The interior supplier has been extremely active of late in the region building on the opening of the Planá nad Lužnicí plant, as well as its Automotive Business Centre in Bratislava and the inauguration of its Technical Centre in Trencín, Slovakia.
In addition to these locations, the supplier also has a plant in Žatec manufacturing door panels, floor consoles and other interior components in the Czech Republic as well as production sites in Papa, Hungary and Námestovo, Slovakia.
But intense competition among the Visegrad 4 countries of Hungary, Czech Republic, Slovakia and Poland for labour, has seen the once very low-cost countries present more challenges for OEMs and suppliers who have set up operations there.
“The challenge is Eastern Europe due to labour shortage and this heavy increase in labour cost,” YFAI CEO, Johannes Roters told just-auto at this week’s IAA in Frankfurt. “People moved East and it might come to the point when it is somehow over.
“The answer for this is to focus on different ways of how we manufacture – 3D printing is now and I believe the manufacturing side will change radically. Investment, variable cost, this might end up at US$5-US$7 per hour, but find [ing] labour at US$5-US$7 is more challenging.
“Talk about forklifts – this will be automated in the future – the forklift driver will disappear. People are nervous because they see uncertainty, but the workforce you need in the future is different from today. How do we train people? It is something people need to put on their top priority list.
“When you look at China and what they spend on education – this is a change [which] we need in Europe as well. That means the workforce will change on the floor. Then what do we do with low-educated people? How do we move them into the new world? That is a challenge.”
The YFAI chief emphasised he understood why union members might be “scared” about embracing new technology on the factory floor, but pointed to education as a means to reassure those worried developments such as Industry 4.0 represent a threat to employment. “People are scared because they don’t know what it means,” noted Roters.
YFAI has already recruited 170 staff for its latest plant in Planá nad Lužnicí, with this number gradually increasing to 300 by the start of next year and rising up to 500 by 2021.
The supplier is currently looking for quality control or engineering graduates as well as operators and staff for the tool maintenance department, but the Visegrad 4 countries in particularly are increasingly finding the recruitment of staff problematic.
Add to that a certain amount of industrial unrest in the region – for example this summer’s six-day strike at Volkswagen’s Bratislava plant in support of a 16% wage increase demand – and the area is not without its challenges.

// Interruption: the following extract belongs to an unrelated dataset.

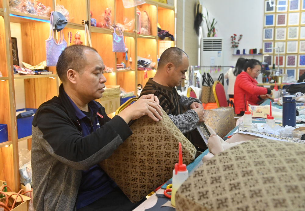 在廣西賓陽(yáng)壯錦文創(chuàng)館,工人制作壯錦文創(chuàng)產(chǎn)品。廣西賓陽(yáng)縣有著悠久的壯錦生產(chǎn)歷史。近年來(lái),該縣在傳統(tǒng)壯錦生產(chǎn)的基礎(chǔ)上,積極推動(dòng)壯錦文創(chuàng)產(chǎn)業(yè)發(fā)展,拓寬了當(dāng)?shù)貏趧?dòng)就業(yè)渠道。新華社記者 陸波岸 攝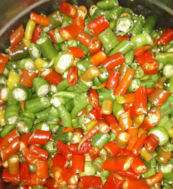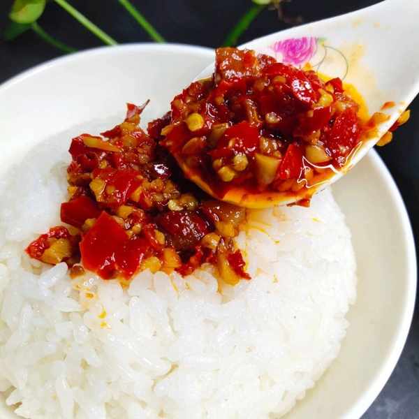可五元份量的餃子哪裡夠一個做力氣活的成年男子吃飽,於是,他把目光投向瞭店裡每個桌子上擺放的辣椒罐。

“You can go further out to other countries like Serbia or Macedonia, but there is distance,” added Roters. “We are trying to drive automation forward…we are working on 4.0. I believe many jobs will come.
“Take the phone. You had to connect phones by cable around the world, then you had rooms where you connected the lines. They are all gone. What we have seen happen today is even faster.
“Do not be scared, see this as an opportunity, but be open. Don’t look backwards – history will not come back.”